Single by God
- B-side: "A Man Without A Woman Is Like A Nun Without A Jackhammer"
- Label: Au Go Go Records
- Songwriter(s): God, Joel Silbersher

= My Pal =

"My Pal" is a 1988 single from Australian band God.

==Details==
Formed in Melbourne in 1986, the members of God were all 15 or 16 at the time

Bruce Milne of Au Go Go Records signed the band and released "My Pal" as their debut single in January 1988. It was written by Silbersher.

Silbersher later said, "It was the first good song I ever wrote. And it was extremely easy to write the music. I thought up that line that goes through the whole thing and I was trying to think of another one, and then went... oh no, if you just do this... that's a song. That's a whole piece of music. And then I had the 'You're my only friend / You don't even like me' bit but then it took a while to erode the other lyrics into it. Elsewhere, he has said that he wrote it in the shower when he was 15.

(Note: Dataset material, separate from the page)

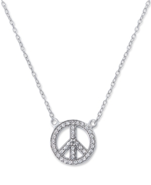 Give peace a chance! Studio Silver's symbolic statement pendant features a cut-out peace sign shape with a unique textured surface. Set in sterling silver with rhodium plating to prevent tarnishing. Approximate length: 16 inches + 2-inch extender. Approximate drop: 1/2 inch.

Milne said, "I remember playing the tape. And I don't think I even got towards the end of it before I just said 'I've got to put this out'. There was no doubt it was going to be a renowned record, if not necessarily a huge seller. It was just one of those records. The reason why you start a record label is for those sort of golden moments."

==Reception==
The single received favourable reviews, and was later considered "an enduring Australian underground classic." Australian musicologist, Ian McFarlane, observed, "[they] had an alternative #1 hit on their hands before they were even old enough to get beer riders at their gigs! "My Pal" was the third biggest selling alternative single for 1988."

Junkee described it as, "a frenetic ballad that contains one of the most iconic riffs in modern Australian rock — famously, they were often turned away from the venues that they were booked to play on account of being underage. Guess there are some things you can only do when you’re young, and that writing a perfect, scuzzy pub rock song is one of them."

The Guardian said it was, "one of the best singles ever made by anyone, anywhere, anytime. But "My Pal" endures mostly as Australia’s eternal garage band classic, our "Louie Louie", or "Wild Thing", or "Surfin' Bird" – one of the things you learn to play on your first electric guitar. The resounding charm of My Pal lies in the fact that it sounds like the same was true of the people who made it.

Andrew Stafford, writer of Pig City: from the Saints to Savage Garden, listed "My Pal" at 24 in his "Australian Songbook", saying, "it was such a towering feat that, unfortunately, it overshadowed everything else they ever did".